Sure enough, the next time we were watching the movie, young Peanut suddenly stiffened and said 'Hey! Where did that sofa come from, Mum?' I was flabbergasted by the fact that she had picked up on it. The kid notices just about everything. Including later, how 'Hey Ma, how come Elsa and Anna's mother never says a word during the movie...it's always the Dad who's talking...but oh yeah, at one point, I think she says just 'Oh'...so it's not like she can't talk...'

Peanut's a fairly sorted little girl in most ways, which kind of pleases me as much as it mystifies me, since I don't know where she's got THAT from. She seems very clear about the importance of family, and is conscientious about her school work.

She's been doing only two classes outside of school - music and Taekwondo. Her brothers used to go with her to the Taekwondo class but I pulled them out last month after I happened to attend a class and saw them lying on the wooden floor pretending to swim, while the other students laughed and the Master looked on helplessly. They claimed they hated Taekwondo so I told them to forget about it, but Peanut wanted to continue.

It was driven home to me how sorted she is today, when she looked into my phone and saw that there was a Whatsapp group created for her friend's birthday party ( I really wish people didn't do that, but given that all my kids' birthdays are coming up in July, I'll let you know my final view on this one later). Anyway, so Peanut was all excited to see her friend's birthday party invitation - but then I gently told her that it was clashing with her Taekwondo class. The kid didn't miss a beat but just smiled and said 'Oh. I'll tell her I can't come then.' And then she skipped off. There I was, staring after her, mouth open.

I was definitely being a bit of a Tiger Mom about her Piano playing until recently. We got a new teacher at the music school, who gently spoke to me about the fact that she believed Peanut didn't need to do any more exams anytime soon. She had skipped Grade 1 and aced the Grade 2 Royal School exam last December, and I was all pepped up about getting her to go ahead with the next one this year. The teacher said that she could see a couple of things from her observation class -

The first, that young Peanut hadn't picked up on certain techniques, which tended to happen when there was an over-focus on exam preparation.

The second, that she just sensed that if I continued to sit in on her classes and pressurise her about her playing, she might be heading for a burn-out.

I had been listening to her with some resentment and was basically getting ready to argue how my own intervention was what had caused her to get so far in just two years so far. But that last word - burn-out - did it for me. The one thing I want my daughter to do is to enjoy music and have it as a part of her life. And if my 'gentle' attempts at getting her to be regular with her music were endangering that, it was time for me to Back Off. And so I did.

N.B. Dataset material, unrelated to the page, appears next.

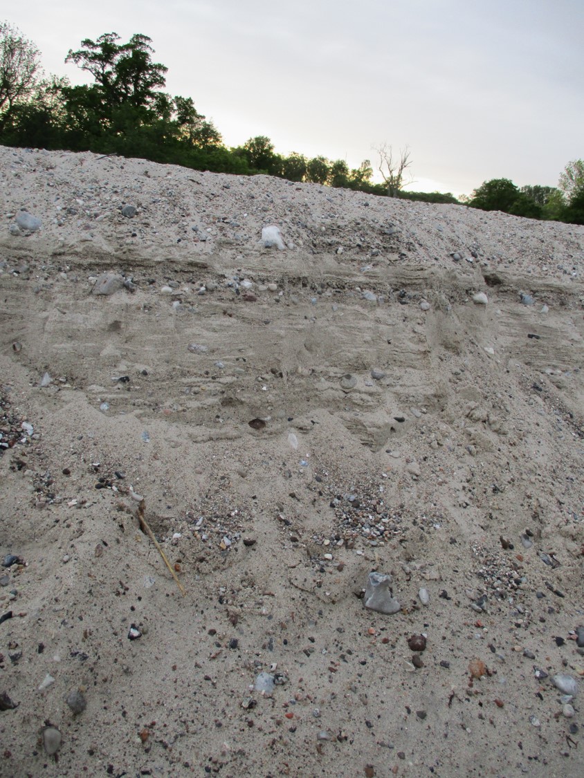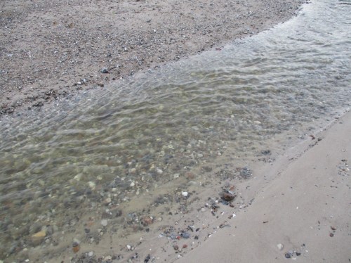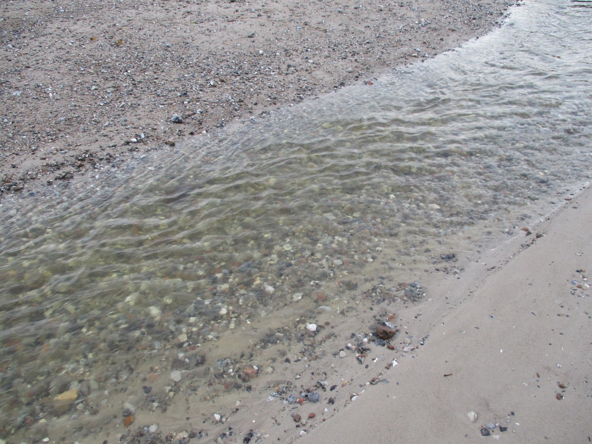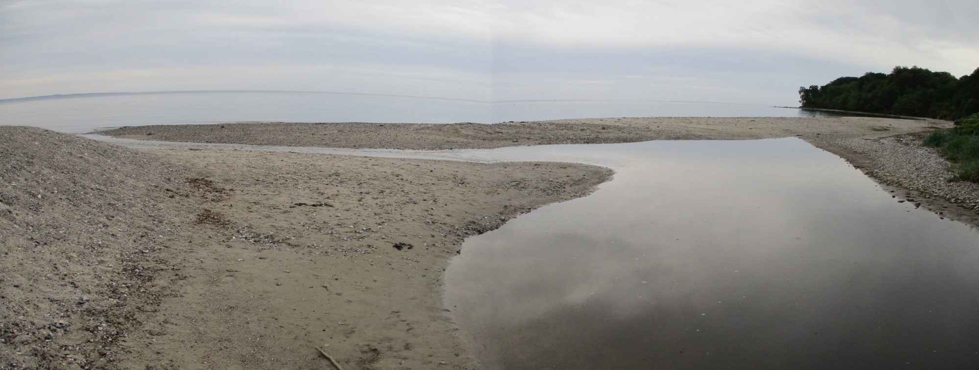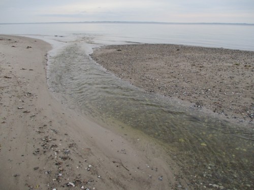 Am Durchbruch des Strandwalls zeigt das Wasser seine Sortierkraft und gewinnt hier den ursprünglichen Steingrund wieder.

I rarely ask her about her practice sessions now. The teacher had suggested was that it was anyway a good idea to let her figure out her own schedule now, take her own notes and basically take responsibility for her own musical development. So I've got my fingers crossed, and am hoping that even if Peanut never makes it to some great level with her playing - she keeps up her music and it's there as a part of her life. After all, as the teacher, who is beginning to seem increasingly wise to me, friends will come and go, but her music could always be there to make her feel better.

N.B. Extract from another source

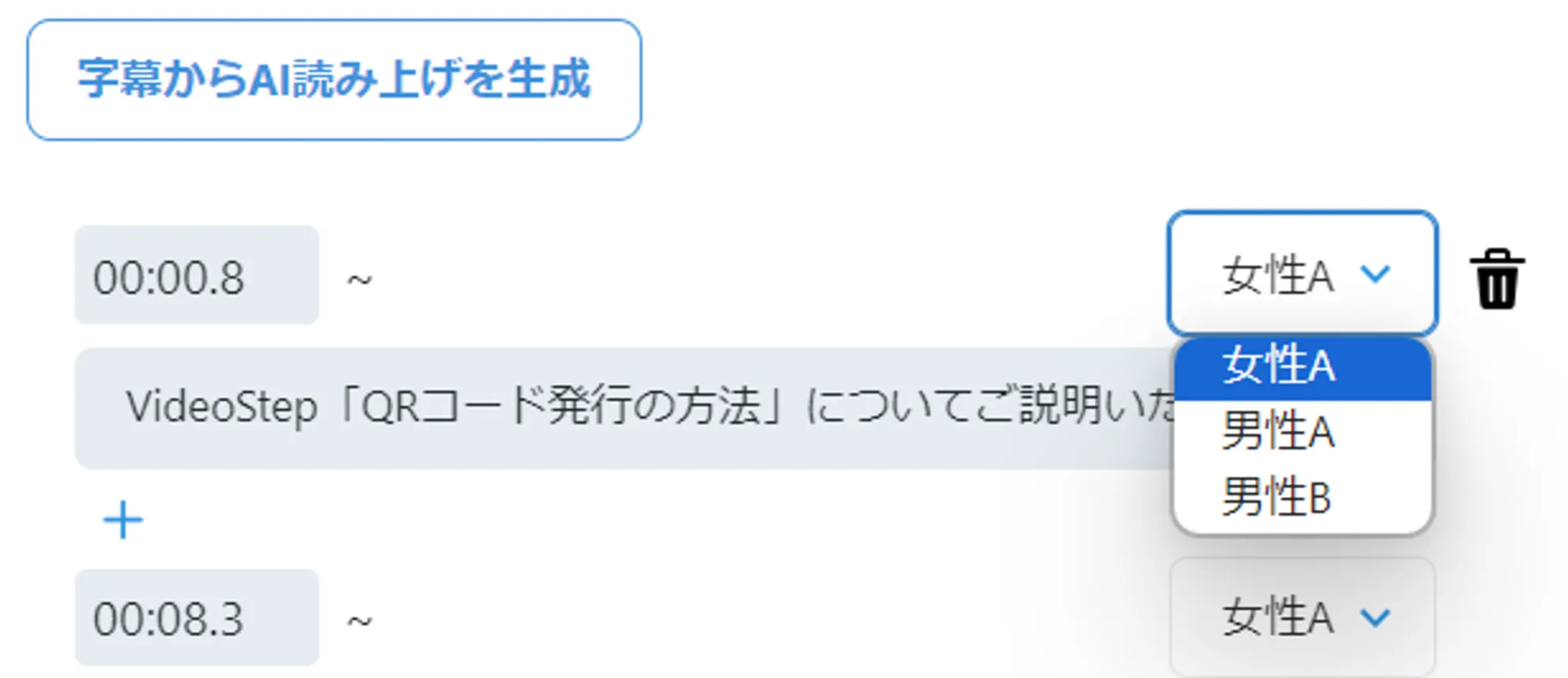 VideoStep の AI 読み上げは SSML(Speech Synthesis Markup Language)に対応しています。SSML を使って読み上げ速度を調整できます。※ 音声選択機能(男性 A/B ボイス切替)と SSML 設定は同時利用できません。

I know that I see a lot of myself in young Peanut. Perhaps for that reason, I'm also a lot harder on her at times than I am with her brothers. I'm very sensitive to how she's feeling, but there are many moments when I find myself getting really irritated with her. She has the ability to get on my nerves because she has the ability to suddenly behave like a rude adolescent with all the 'Fine!'s and 'You don't love me's and the door-slamming that goes with it. She has taken to writing me love-notes and even emails now which express her feeling. This was cute in the beginning but now has begun to really piss me off because there's only so much written evidence you need about the fact that you're a bad parent.

Sample email exchange at a time that I yelled at her ( and she happened to be generally emailing me with lists of kiddy applications for a work project I'm on):

Mail 1:


Mum

 I hope you mind that i am asking you but why did you say shut up to me when i haven't done anything ??????

I felt really sad  and angry 


Did i do to anything to you that made you say that???????????????????????

If yes then sorry


I got 2 more games that i don't think you've written


1. Chotta bheem ice bucket challenge
2. chotta bheem archery

Aapko aapka shona baby yad hai kitna shona baby tha hai na???????????

Tata

Regards

Peanut


 Mail 2 (My reply):


Dear Peanut

I can't even begin to tell you how sorry I am about that. It was bad-tempered of me and stupid too. 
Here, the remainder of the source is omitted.